### ABOUT THIS EXERCISE
An exact copy is needed of the lines in the entries below from the line with "DS, four pages, 8.5" up to and including the line with "The Bremen Public", and of nothing else. Leave the pictures out.
+++++
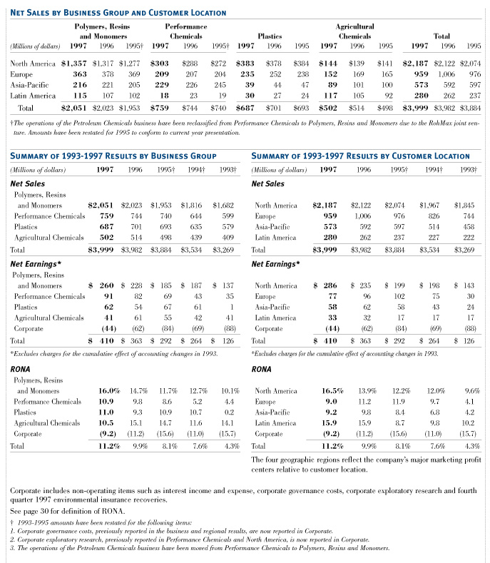 Performance Chemicals reported 1997 earnings of $91 million, up 11% from 1996 earnings of $82 million. Sales increased 2% on volume growth of 4%. Because of weaker currencies in Europe and in the Asia-Pacific regions, the volume increase did not result in comparable sales growth. Increased earnings are a result of double-digit volume growth in Electronic Chemicals, which includes a contribution from Rodel, Inc. a 1997 investment. Also contributing was volume growth and operating improvements in Ion Exchange Resins. The discontinuation of the Biocides joint venture with Dead Sea Bromine reduced sales and earnings.
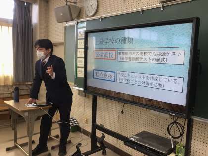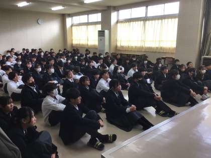 1年生の進路学習会の様子です。1年生の時から、2年後を見据えて、受験の仕組みなどについて学習しています。みんな真剣に聞いています。
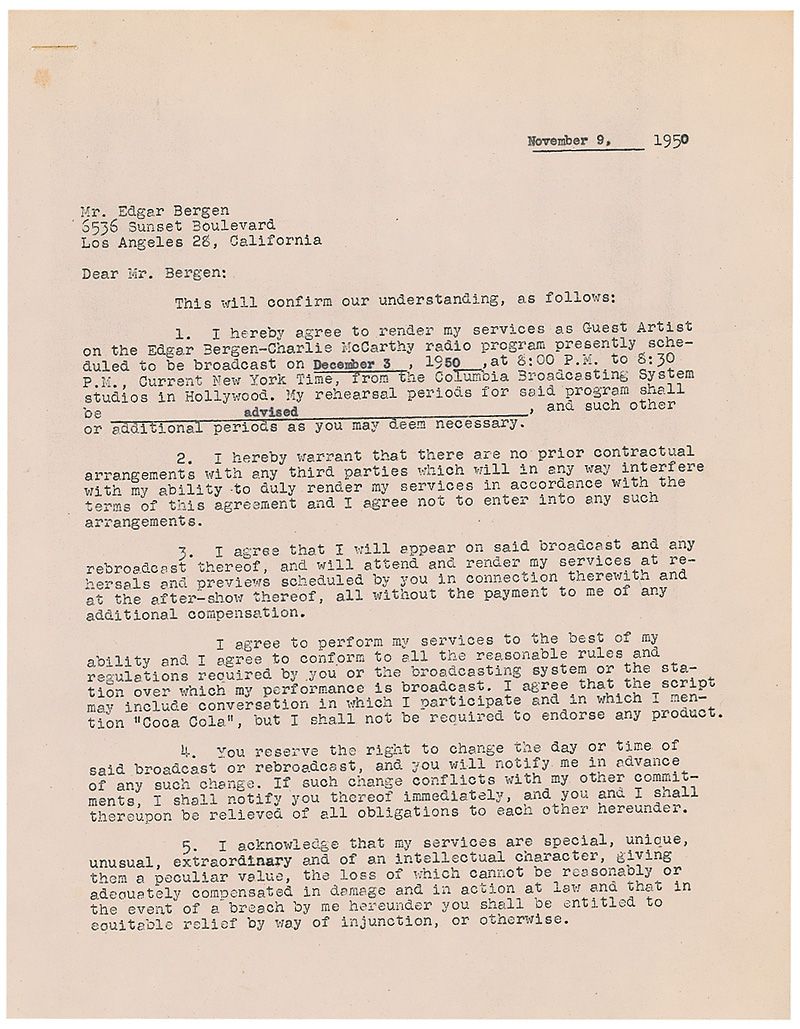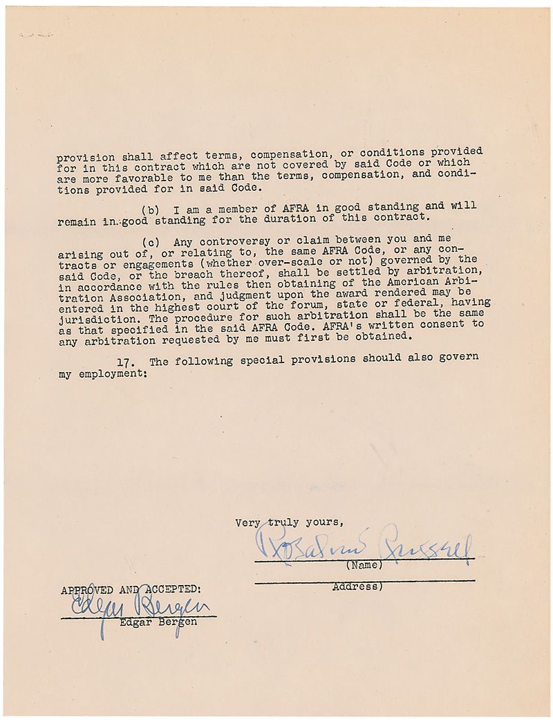 DS, four pages, 8.5 x 11, November 9, 1950. Russell agrees to appear on the Edgar Bergen–Charlie McCarthy radio program for a fee of $1000, also agreeing not to appear on any other radio show for a period of seven days. Signed on the last page by Russell and Bergen. In fine condition, with staple hole to top left of each page and some scattered light toning and creasing.
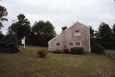 The Bremen Public Library, in Bremen, Maine, stands under cloudy skies.
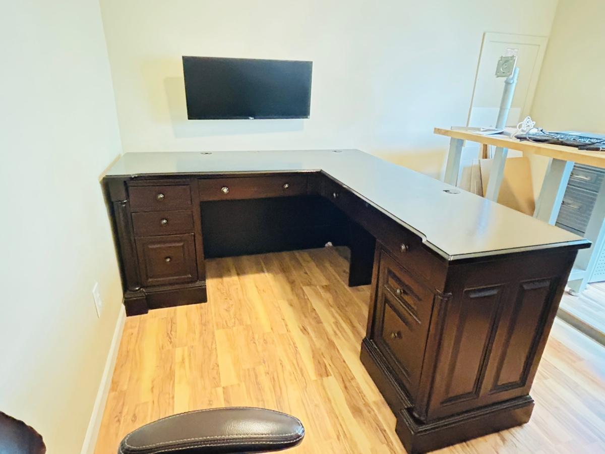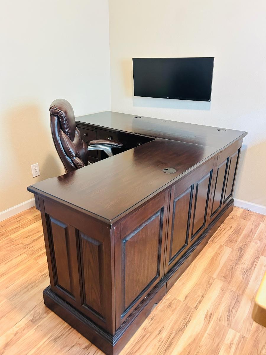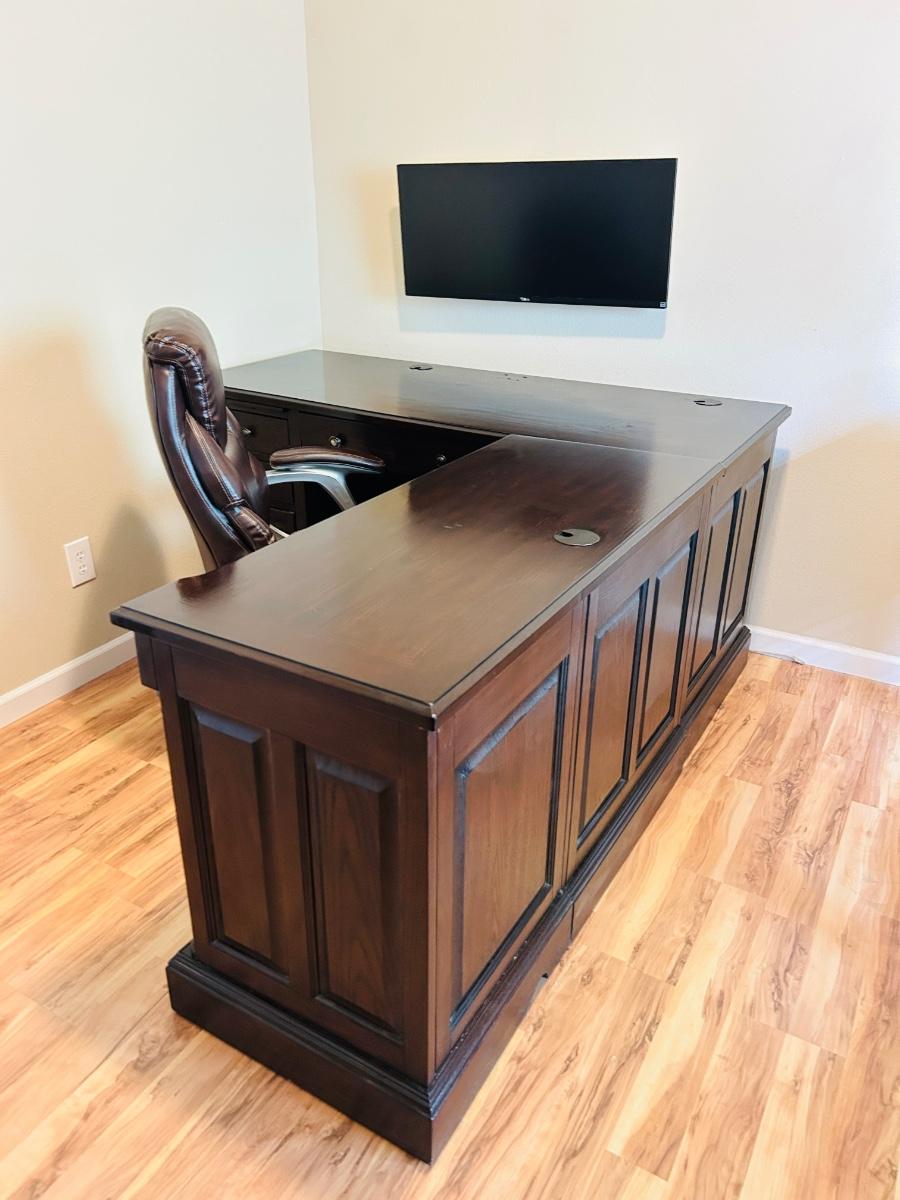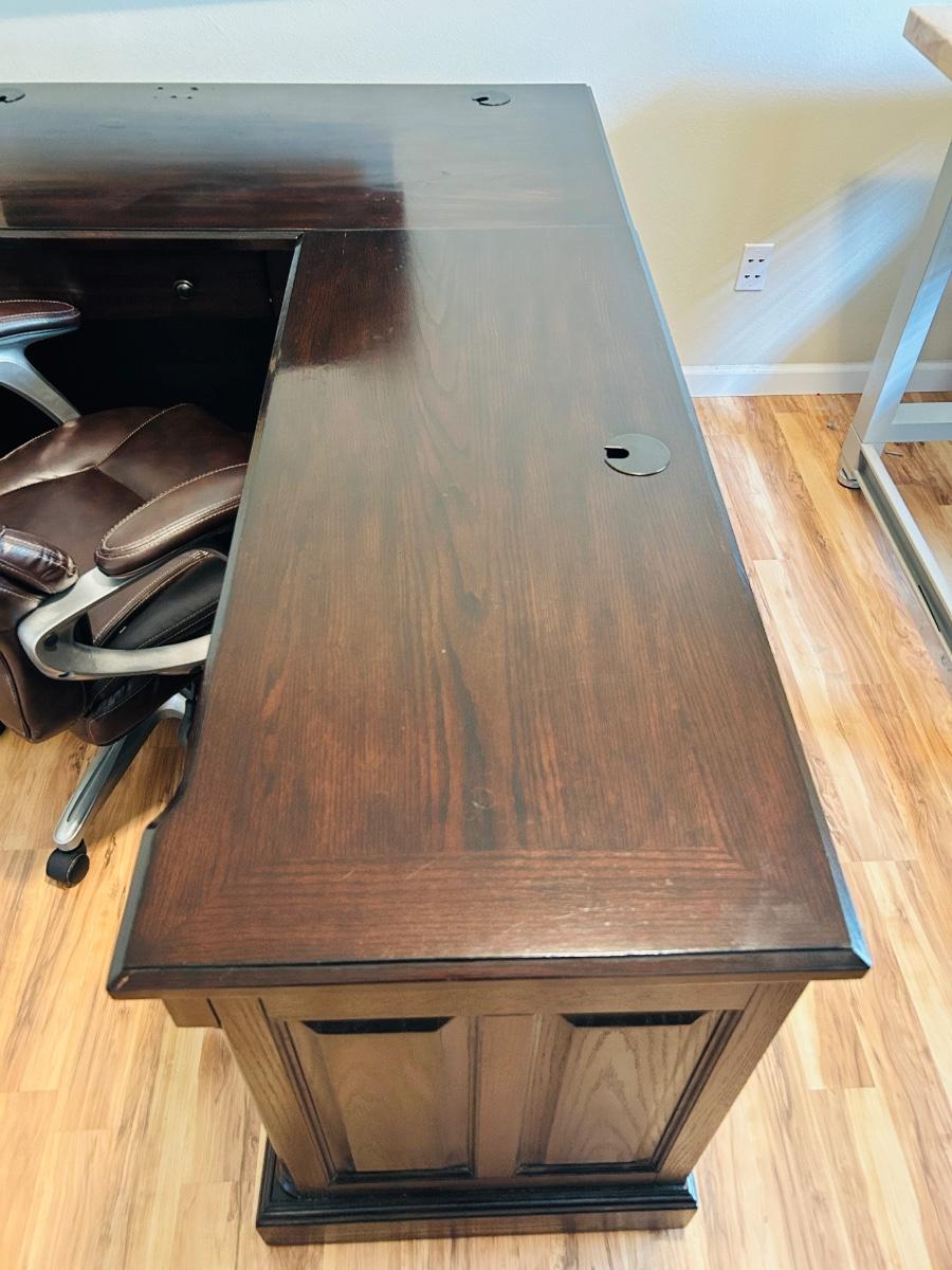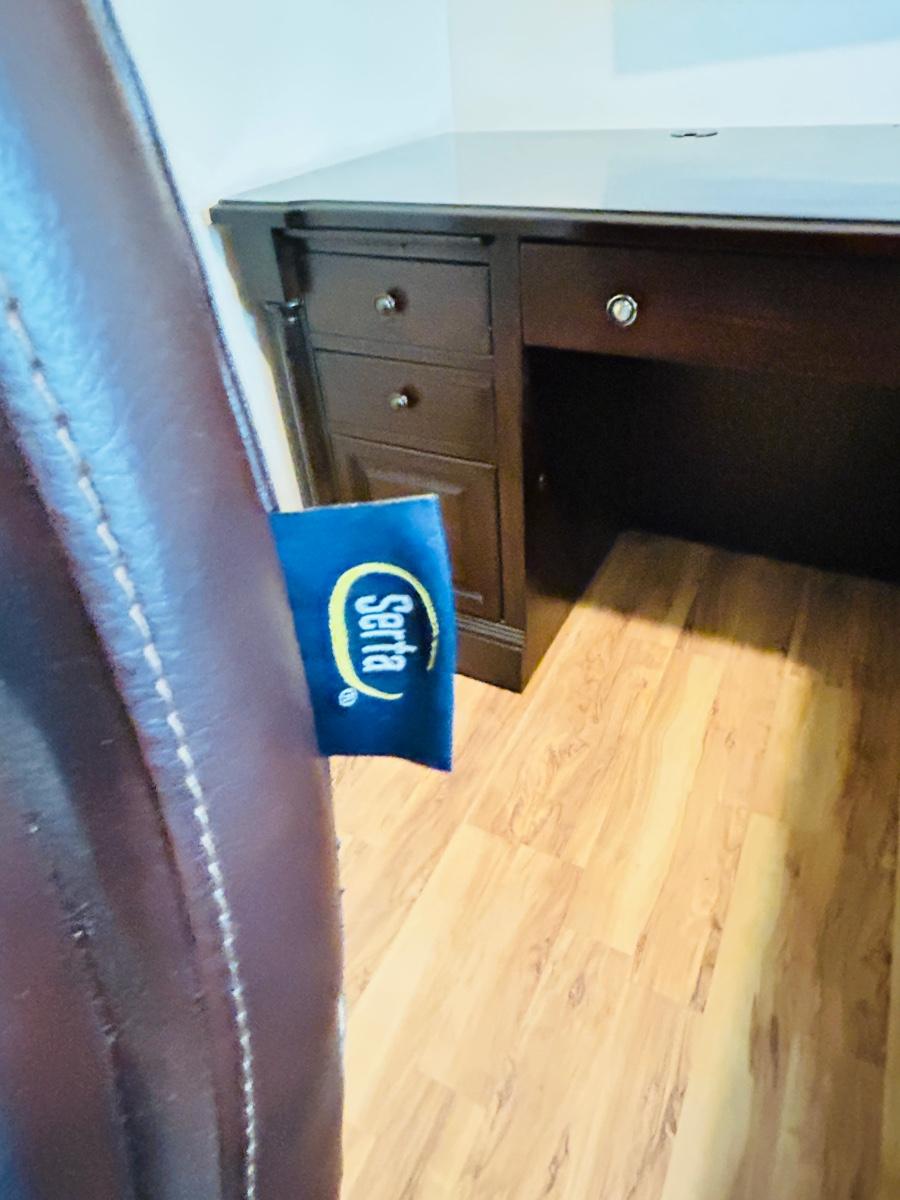WHALEN FURNITURE MFG HANDSOME L-SHAPED DESK AND SERTA LEATHER? DESK CHAIR
+++++
### RESULT FOR THIS EXERCISE
 DS, four pages, 8.5 x 11, November 9, 1950. Russell agrees to appear on the Edgar Bergen–Charlie McCarthy radio program for a fee of $1000, also agreeing not to appear on any other radio show for a period of seven days. Signed on the last page by Russell and Bergen. In fine condition, with staple hole to top left of each page and some scattered light toning and creasing.
 The Bremen Public Library, in Bremen, Maine, stands under cloudy skies.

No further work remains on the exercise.